EXERCISE: Exact wording is required for every entry; transcribe all of them and leave the images out.

MATERIAL PROVIDED:
▬▬▬

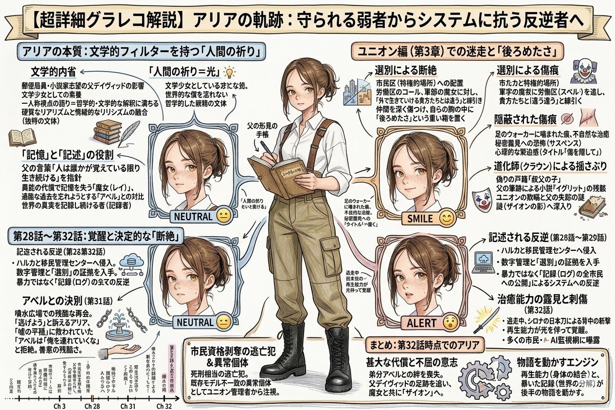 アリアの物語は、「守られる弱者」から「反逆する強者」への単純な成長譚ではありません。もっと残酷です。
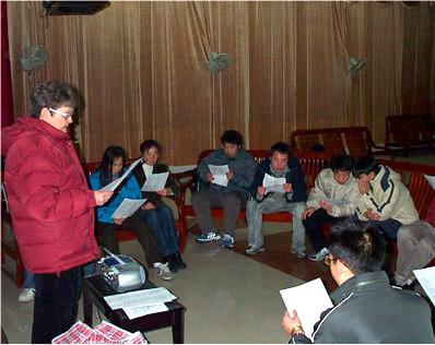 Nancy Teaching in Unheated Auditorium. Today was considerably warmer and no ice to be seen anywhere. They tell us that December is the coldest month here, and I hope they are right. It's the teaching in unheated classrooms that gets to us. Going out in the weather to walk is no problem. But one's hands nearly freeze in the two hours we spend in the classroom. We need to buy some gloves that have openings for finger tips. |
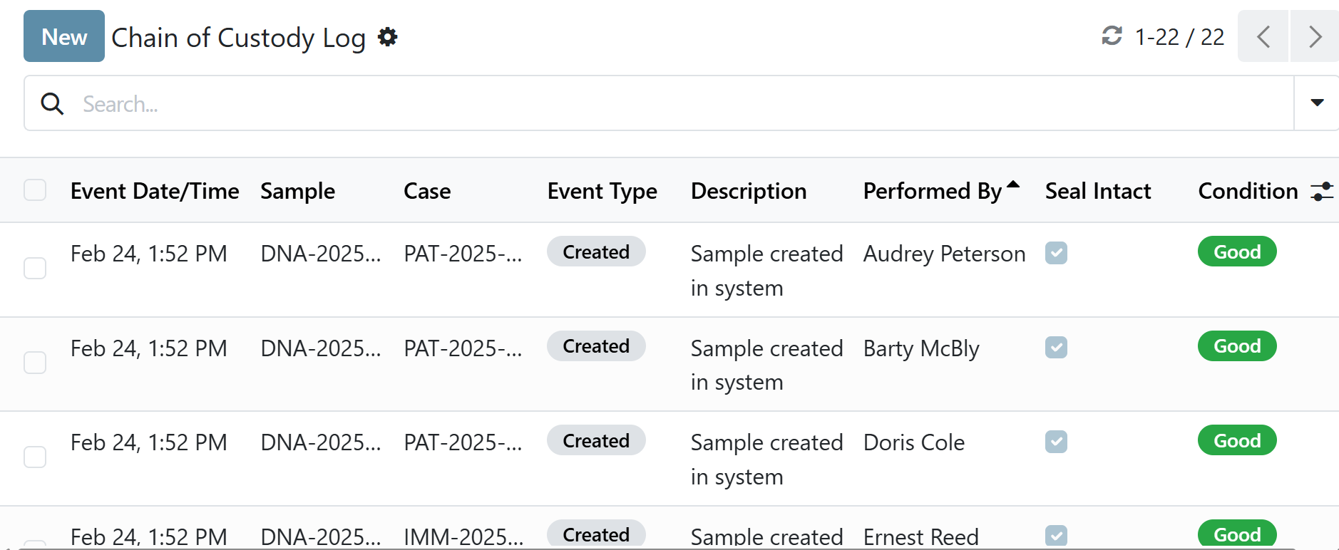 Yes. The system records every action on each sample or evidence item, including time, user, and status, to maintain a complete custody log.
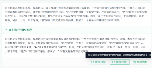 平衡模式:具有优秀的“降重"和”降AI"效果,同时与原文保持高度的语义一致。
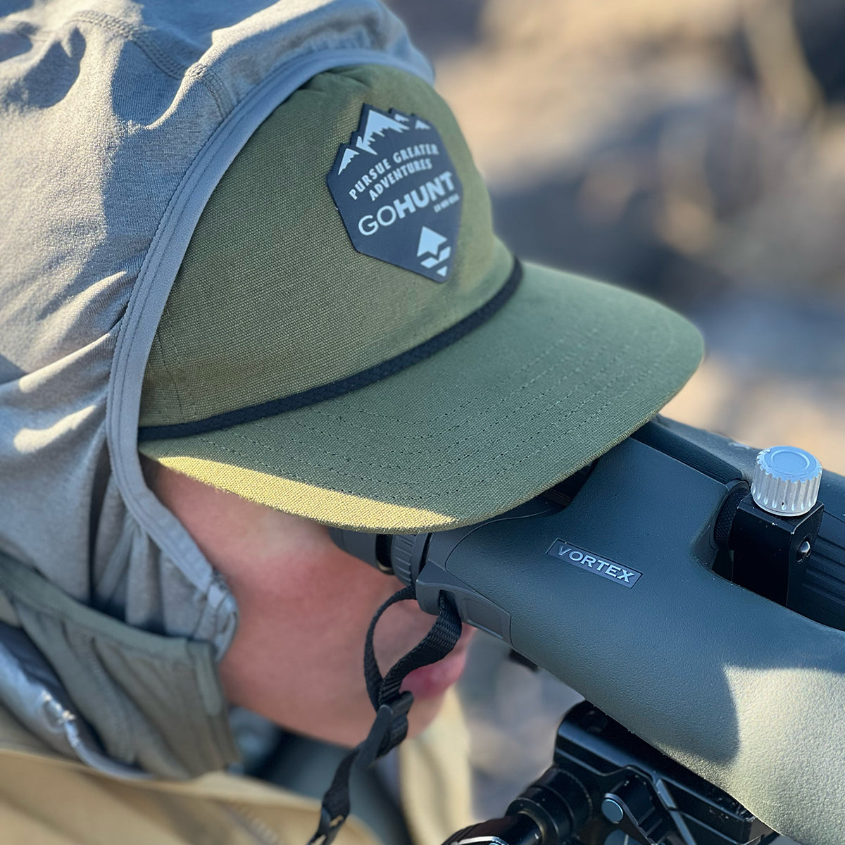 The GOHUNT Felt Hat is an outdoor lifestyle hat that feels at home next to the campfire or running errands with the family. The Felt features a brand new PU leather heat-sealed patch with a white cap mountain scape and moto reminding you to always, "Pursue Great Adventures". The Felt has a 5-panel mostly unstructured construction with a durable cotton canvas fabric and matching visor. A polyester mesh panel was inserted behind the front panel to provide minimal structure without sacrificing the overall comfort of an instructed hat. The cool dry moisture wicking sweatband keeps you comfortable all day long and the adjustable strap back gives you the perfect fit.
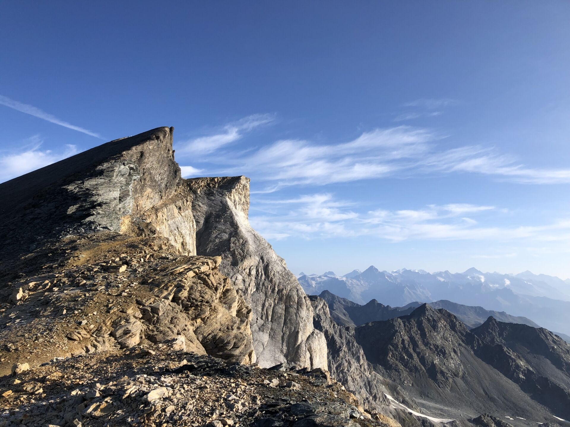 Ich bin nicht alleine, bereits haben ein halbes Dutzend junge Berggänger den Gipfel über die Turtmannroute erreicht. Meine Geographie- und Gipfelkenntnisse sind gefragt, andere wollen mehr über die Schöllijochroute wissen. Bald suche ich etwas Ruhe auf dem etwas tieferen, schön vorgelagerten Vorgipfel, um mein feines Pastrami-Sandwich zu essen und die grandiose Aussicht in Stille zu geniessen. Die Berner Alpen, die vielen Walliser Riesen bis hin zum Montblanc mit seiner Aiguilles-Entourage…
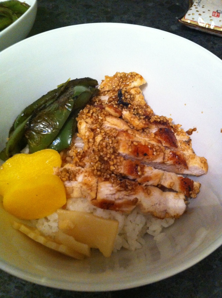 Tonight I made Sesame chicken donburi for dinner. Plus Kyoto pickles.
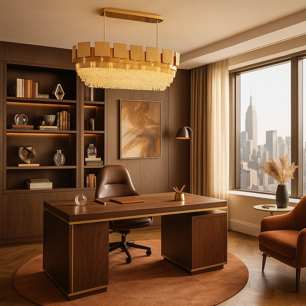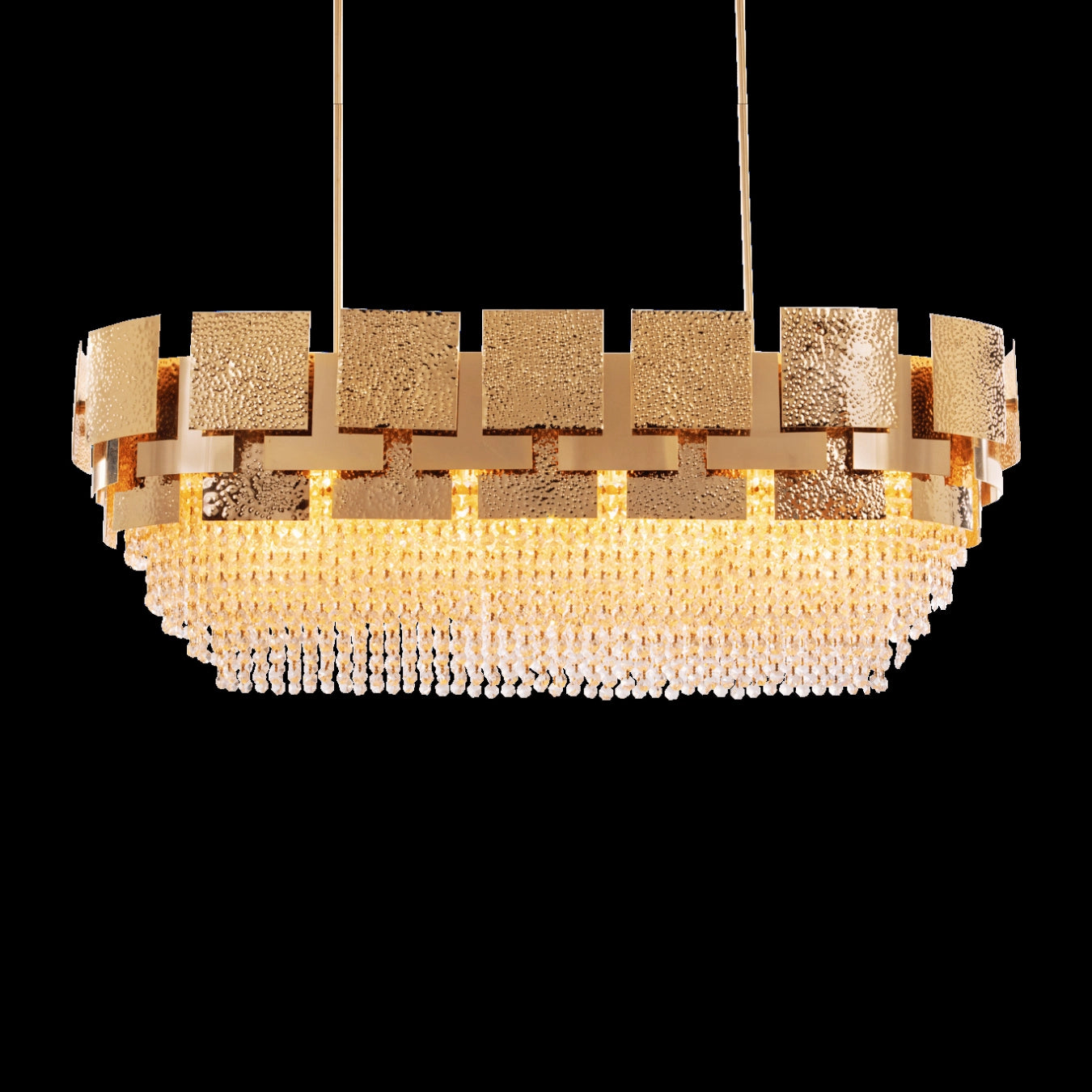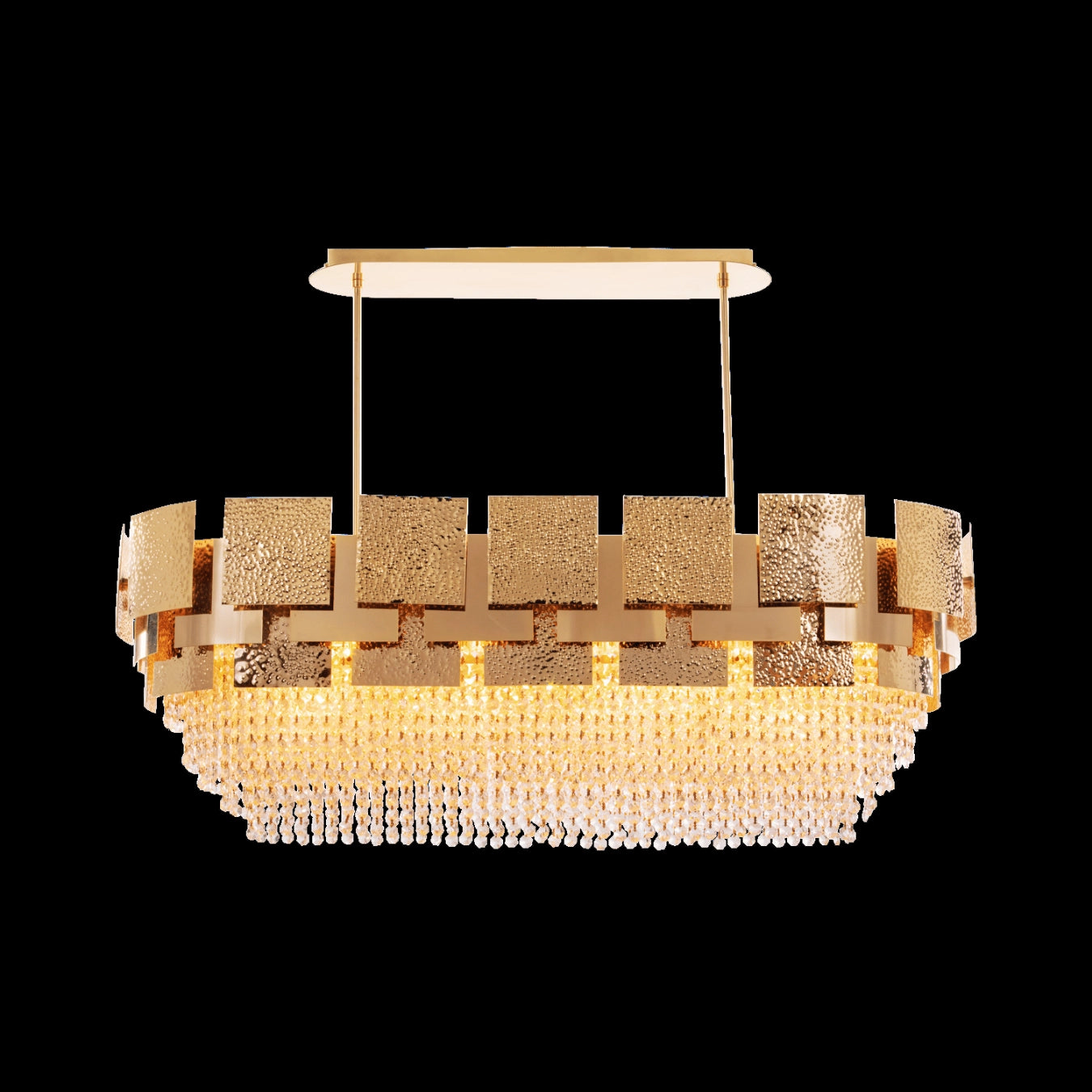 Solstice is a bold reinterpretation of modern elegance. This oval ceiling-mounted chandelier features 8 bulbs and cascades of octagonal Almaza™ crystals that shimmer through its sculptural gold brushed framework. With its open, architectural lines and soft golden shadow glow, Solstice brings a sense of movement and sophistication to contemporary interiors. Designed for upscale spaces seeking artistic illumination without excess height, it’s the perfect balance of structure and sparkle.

▬▬▬

EXPECTED ANSWER:
 アリアの物語は、「守られる弱者」から「反逆する強者」への単純な成長譚ではありません。もっと残酷です。
 Nancy Teaching in Unheated Auditorium. Today was considerably warmer and no ice to be seen anywhere. They tell us that December is the coldest month here, and I hope they are right. It's the teaching in unheated classrooms that gets to us. Going out in the weather to walk is no problem. But one's hands nearly freeze in the two hours we spend in the classroom. We need to buy some gloves that have openings for finger tips. |
 Yes. The system records every action on each sample or evidence item, including time, user, and status, to maintain a complete custody log.
 平衡模式:具有优秀的“降重"和”降AI"效果,同时与原文保持高度的语义一致。
 The GOHUNT Felt Hat is an outdoor lifestyle hat that feels at home next to the campfire or running errands with the family. The Felt features a brand new PU leather heat-sealed patch with a white cap mountain scape and moto reminding you to always, "Pursue Great Adventures". The Felt has a 5-panel mostly unstructured construction with a durable cotton canvas fabric and matching visor. A polyester mesh panel was inserted behind the front panel to provide minimal structure without sacrificing the overall comfort of an instructed hat. The cool dry moisture wicking sweatband keeps you comfortable all day long and the adjustable strap back gives you the perfect fit.
 Ich bin nicht alleine, bereits haben ein halbes Dutzend junge Berggänger den Gipfel über die Turtmannroute erreicht. Meine Geographie- und Gipfelkenntnisse sind gefragt, andere wollen mehr über die Schöllijochroute wissen. Bald suche ich etwas Ruhe auf dem etwas tieferen, schön vorgelagerten Vorgipfel, um mein feines Pastrami-Sandwich zu essen und die grandiose Aussicht in Stille zu geniessen. Die Berner Alpen, die vielen Walliser Riesen bis hin zum Montblanc mit seiner Aiguilles-Entourage…
 Tonight I made Sesame chicken donburi for dinner. Plus Kyoto pickles.
 Solstice is a bold reinterpretation of modern elegance. This oval ceiling-mounted chandelier features 8 bulbs and cascades of octagonal Almaza™ crystals that shimmer through its sculptural gold brushed framework. With its open, architectural lines and soft golden shadow glow, Solstice brings a sense of movement and sophistication to contemporary interiors. Designed for upscale spaces seeking artistic illumination without excess height, it’s the perfect balance of structure and sparkle.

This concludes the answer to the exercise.